[TASK REQUIREMENTS]: Would you transcribe exactly the lines from the one containing "Поставьте на средний" to the last line of the data below, both ends included, but none of the pictures?

*** DATA EXTRACTS ***

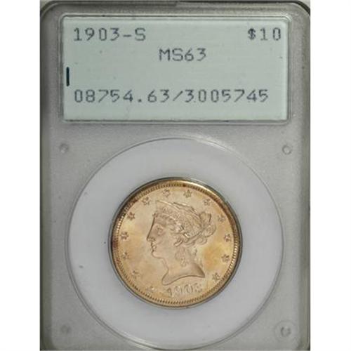 <B>1903-S $10 MS63 PCGS.</B></I> . PCGS Population (210/251). NGC Census: (172/327). Mintage: 538,000. Numismedia Wsl. Price for NGC/PCGS coin in MS63: $1,220. (#8754)<BR><BR><B>Coin Engraver:</B> Christian Gobrecht<BR><BR><b>Shipping:</b> Coins & Currency (<a target="_blank" href="http://www.heritageauctions.com/common/shipping.php">view shipping information</a>)
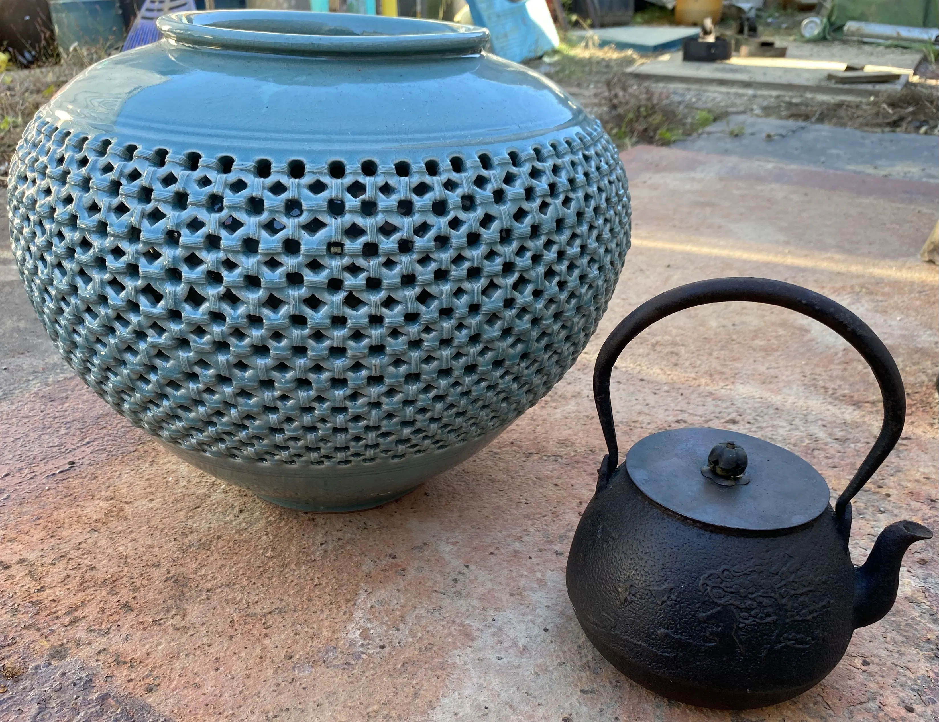 韓国高麗青磁の壺と南部鉄器の鉄瓶
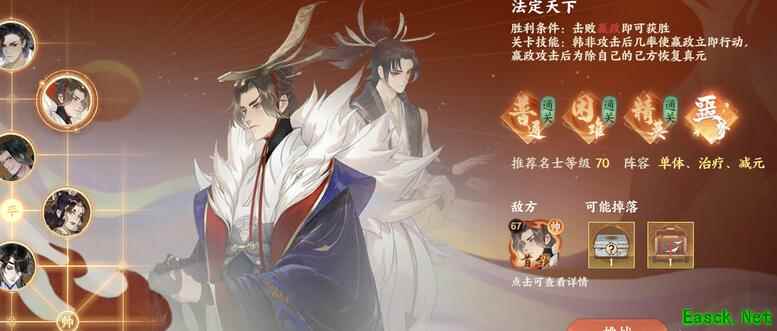首先着重讲一下法定天下·噩梦这一关,首先说一下在不借助高练度角色下的翻车点。 对面的角色等级全部为67级,其实就还好推荐等级为70级,首领为嬴政(将),韩非(士),嵇康(车),王昭君(马),卫青(马)。首先跟大家解释 一下为什么先讲法定天下,因为这是这三周以来,群里公认最恶心的联动轴承本,没有之一啊,因为韩非和嬴政的联动是AOE攻击。韩非作为士,有着当帅受到攻击时,士会反击技能释放单位(也就是100%反击)然后因为现在的队伍,都是单C队伍且大家主养的都是嬴政和李世民。我只能说高练度的嬴政和韩非,双C碾压一下都过去了,但是这个本,简直是单C噩梦。我全员60复活套四保一完全行不同,但凡我当初没洗我大秀宁,我怀疑我这周也单过了。四保一时真的难打这个本。后手有王昭君的减速和嵇康的睡眠关键位置,速度调不好就会导致乱速,或者李清照和袁天罡被控制,也就是根本啥都没干就连死两次。我对这个本的意见就是,有李世民的赌自己暴击加另外一个输出秒掉韩非,即可正常通关。 还是用老阵容主C+大周后+李清照+袁天罡+助战。
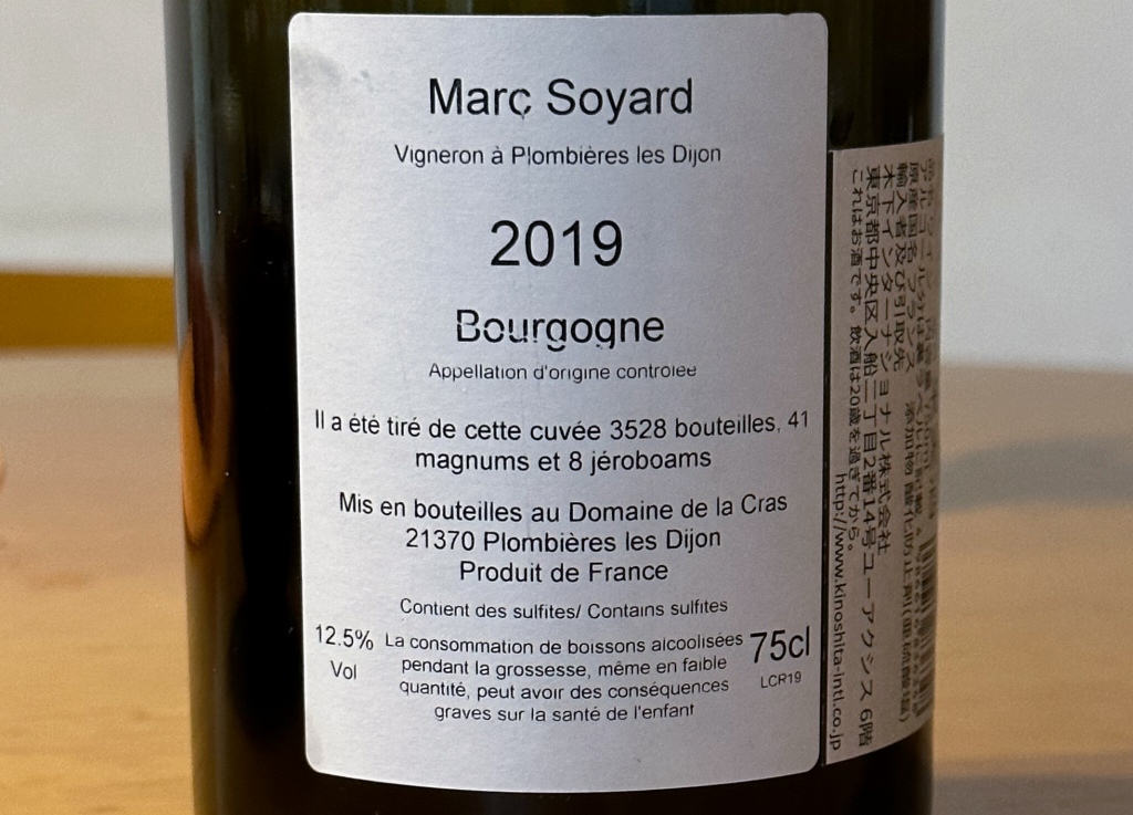 SO2無添加ということで、早めの抜栓でしたが、酸の強さは、ブドウが早摘みなのか、マロラクテティック発酵(MLF)が軽い(短い)のか、SO2無添加の影響か?はわかりません。ドメーヌ・クラを飲んで期待が大きかったのですが、少なくとも自分の好みではありませんでした。
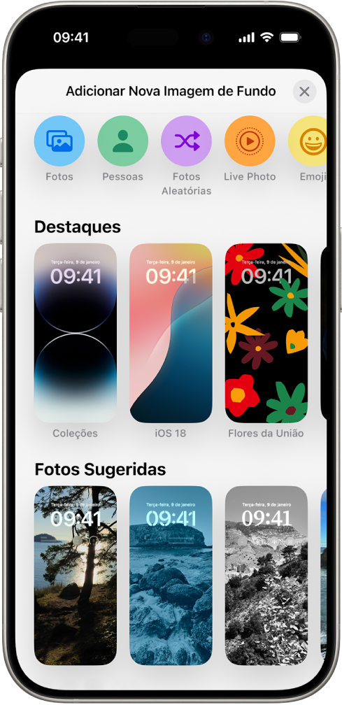 Para personalizar a Tela Bloqueada, você pode escolher uma imagem de fundo, mostrar uma foto favorita, alterar a fonte das horas, adicionar widgets e muito mais.
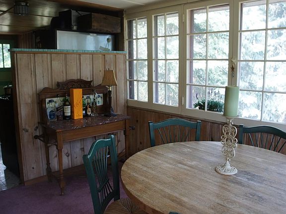 REDUCED $30K to $240K Intriguing raised ranch mountain cottage w/1216 fin. sq. ft. on 2.37 acres* 3 bdrms, 1 full bath, 10x20 newer garage* Front sunroom on main level (incl the dining area) has windows on 3 sides overlooking the view and welcoming the sun in winter. Main level also incl large 17x14 living room w/ vaulted ceiling, rock fireplace, wood floors, a small TV/den/bedroom, a spacious vintage full bath with timeless charm, and welcoming kitchen with gas range, SS fridge, cozy table by the window. Lower level has 2 sunny bedrooms w/ large windows, a small family room, walk out to patio.*Well pump, septic, roof, electric panel, and water htr have been maintained, storm/screen windows on most windows* Average gas & electric bill $113* Pleasant outdoor patios/walkways front and back, outdoor rock grill* Stand-up height storage and mechanical area accessed from lower level, not incl. in sq ft totals. Plumbing, heating, electricity are older but working well* Great value/charm*
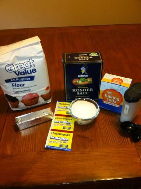 Necesitarás harina, azúcar, bicarbonato de sodio, sal (sal de mesa regular y sal gruesa), levadura seca activa y mantequilla (o margarina). Esta receta hace un montón de rosquillas, así que siéntete libre a mitad de la receta si no muchos. Sin embargo puede congelar los pretzels extras y los microondas más adelante. Son muy sabrosas y mucho más barato que el comprado.
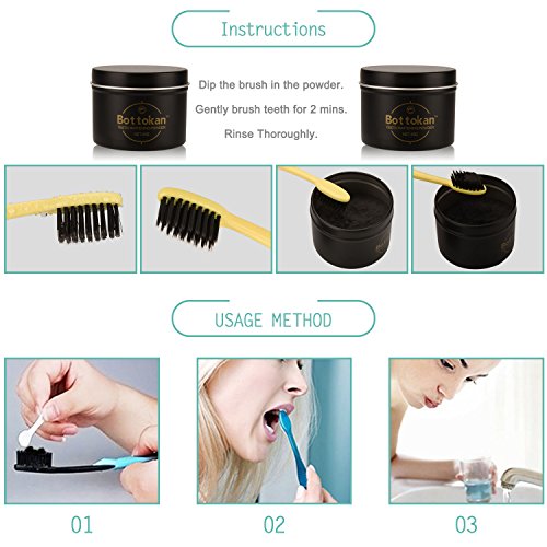 With a small spoon, or a pinch of your fingers, apply a small amount of powder to the palm of your hand. Apply a moist tooth brush, and brush for two minutes. Afterward, brush again to remove remaining powder from teeth (using water or your normal toothpaste). Use once per day for 30 days for best results.
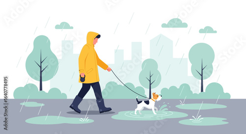 rain, dog, walk, raincoat, puddle, pet, wet, weather, cartoon, happy, canino, leash, person, urban, lifestyle, animal, nature, design, city landscape, cloud, tree, street, recreation, cheerful, illustration, vector, background, season, rainy, splash, scene, climate, clothing, activity, character, friends, spring, style, modern, playful
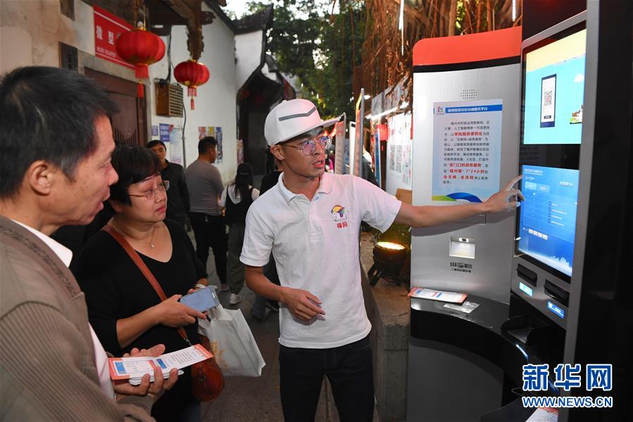 10月29日,工作人员在向市民介绍福州智慧社区自助服务平台。 10月28日至30日,由福州市政府联合支付宝主办的首届天下码商大会在福建福州举行。 新华社记者 姜克红 摄
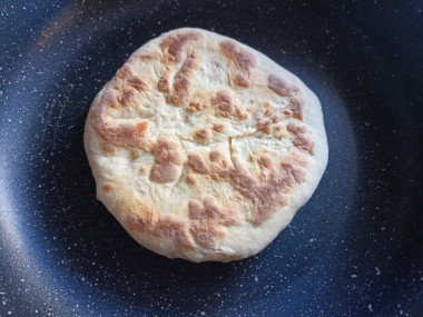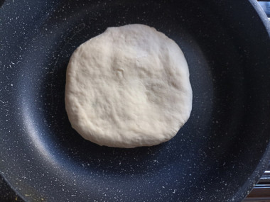 Поставьте на средний огонь сковороду. Ничем не смазывая ее, разогрейте сковороду до горячего состояния. Выложите на нее заготовку лепешки.
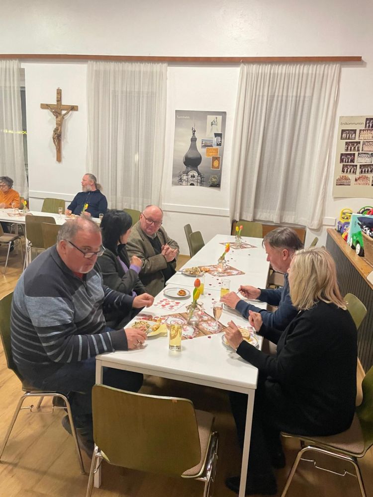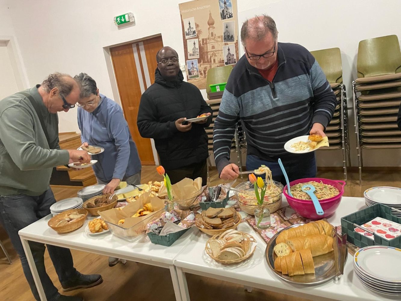 Seit ein paar Jahren lädt die Pfarre ihre ehrenamtlichen Mitarbeiterinnen und Mitarbeiter einmal im Jahr zu einer kleinen Feier in den Saal des Verein Jugendhilfe ein. Wir feiern gemeinsam Eucharistie, sehen einen Rückblick über die vielen Aktivitäten der Pfarre, erfreuen uns an einem köstlichen Büffet und es kommt zu angeregten Gesprächen.

*** End of DATA EXTRACTS ***

[RESPONSE BELOW]:
 Поставьте на средний огонь сковороду. Ничем не смазывая ее, разогрейте сковороду до горячего состояния. Выложите на нее заготовку лепешки.
 Seit ein paar Jahren lädt die Pfarre ihre ehrenamtlichen Mitarbeiterinnen und Mitarbeiter einmal im Jahr zu einer kleinen Feier in den Saal des Verein Jugendhilfe ein. Wir feiern gemeinsam Eucharistie, sehen einen Rückblick über die vielen Aktivitäten der Pfarre, erfreuen uns an einem köstlichen Büffet und es kommt zu angeregten Gesprächen.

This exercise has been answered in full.